The first few times I tried to Terraform the cluster, I always had a few nodes that didn't PXE boot cleanly and I was using Active Directory DHCP on 2nd boot which would mess up the DNS records I created manually. I've since modified my project to use Cloudflare DNS and static IPs by supplying an ignition yaml snippet for each node so AD is completely removed from the equation now. When the nodes didn't come up properly, I would have to cancel the Terraform operation to leave work for the day and that possibly confused the state.

So my method is now to target the resources needed to successfully boot and contact all nodes first, then come back and finish terraforming the cluster:

  1. Terraform DNS records
    terraform apply \
    -target module.$CLUSTER_NAME.cloudflare_record.api_a_records \
    -target module.$CLUSTER_NAME.cloudflare_record.node_a_records
  2. Terraform Matchbox resources
    terraform apply \
    -target module.$CLUSTER_NAME.module.cluster.matchbox_profile.cached-flatcar-linux-install \
    -target module.$CLUSTER_NAME.module.cluster.matchbox_group.install \
    -target module.$CLUSTER_NAME.module.cluster.matchbox_group.controller \
    -target module.$CLUSTER_NAME.module.cluster.matchbox_group.worker
  3. PXE boot all nodes and verify that they came up properly
    for i in {0..$NUM_NODES}; do
     ssh core@node${i}.$CLUSTER_NAME.example.com uptime
    done
  4. Terraform everything else
    terraform apply
dghubble commented 4 years ago

Glad to hear you've got the situation sorted out. Nodes do require stable names and you'd typically have a network router statically assign IPs (still via DHCP) and have DNS records correspond. Although I assume you've got reasons for preferring an Ignition snippet to set the static IP too.
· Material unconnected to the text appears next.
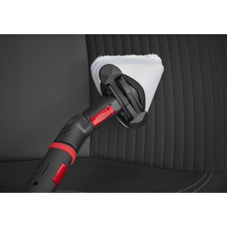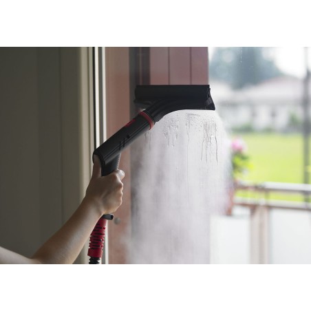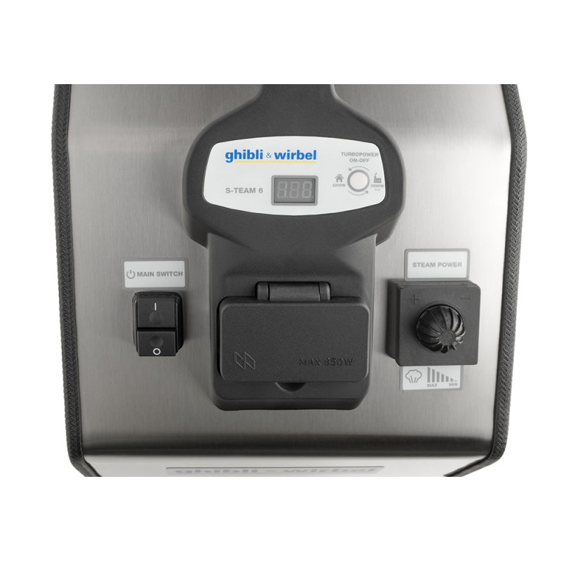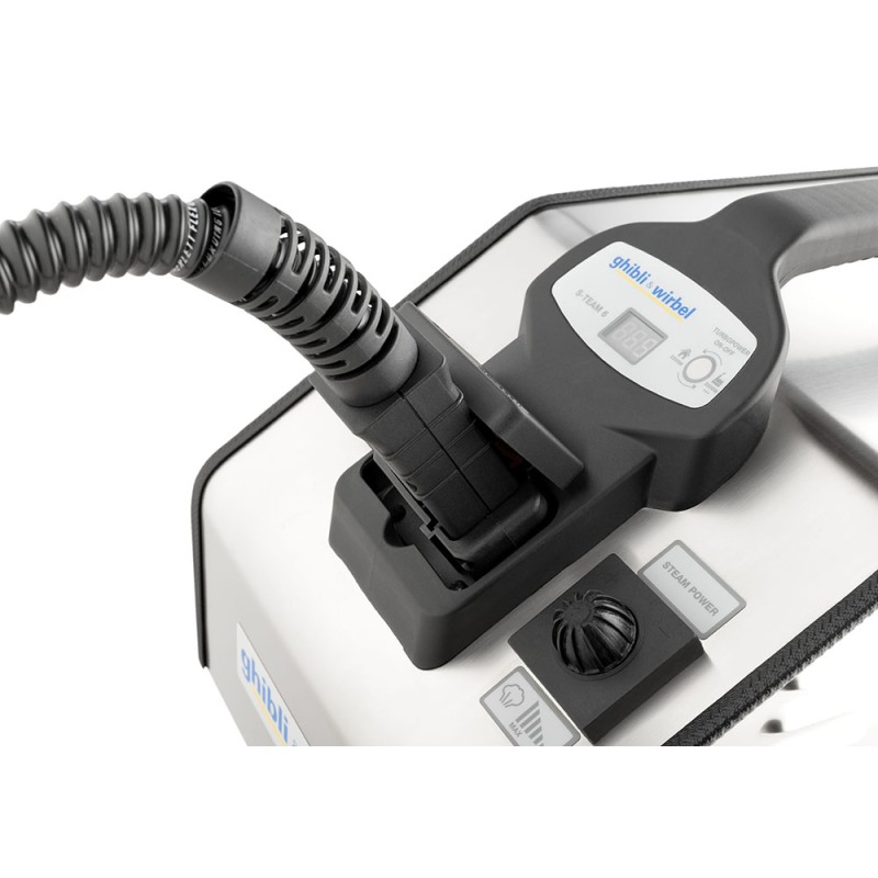 S-Team 6 est le générateur de vapeur professionnel conçu pour le nettoyage et l'assainissement des locaux et des surfaces. La production de vapeur sèche à 165 °C et une pression de fonctionnement de 6 bars, ainsi que la productivité élevée (il est possible de recharger la machine sans l'éteindre) garantissent d'excellents résultats de nettoyage sans utiliser de détergents. Pour la saleté la plus tenace, il est possible d'activer la Fonction «Eau Chaude», directement depuis la poignée du tuyau flexible. Un jet de vapeur humide à haute température (provenant directement de la chaudière) s’ajoute à la pulvérisation normale de vapeur sèche. La robustesse et la maniabilité font de S-Team 6 une machine extrêmement polyvalente qui peut travailler dans tout type d’environnement ; grâce à sa Fonction TurboPower, il est possible d'activer une ou les deux résistances de la chaudière, ce qui permet à la machine de fonctionner à 2200 W (en plus de la puissance maximale de 3200 W), en permettant ainsi de l'utiliser dans des environnements domestiques/commerciaux caractérisés par la présence de systèmes électriques à basse tension. Pour compléter l'offre, la large gamme d'accessoires standards et optionnels permet à S-Team 6 de travailler dans tout type d'environnement (sols, vitres, acier, tissus et surfaces dures).

Terraform knows the dependency graph among resources, so it shouldn't be required to apply individual targets. For example, null_resource steps will wait up to 60 minutes, since I know it can take a while to get all the machines to behave sometimes. Or if they timeout, the next terraform apply will happily retry later, after machines are fixed (say one is faulty and can't boot). But I think you're saying your goal is to do it as two phases of terraform apply (not counting DNS records since they're a prereq), in which case this seems like a decent approach.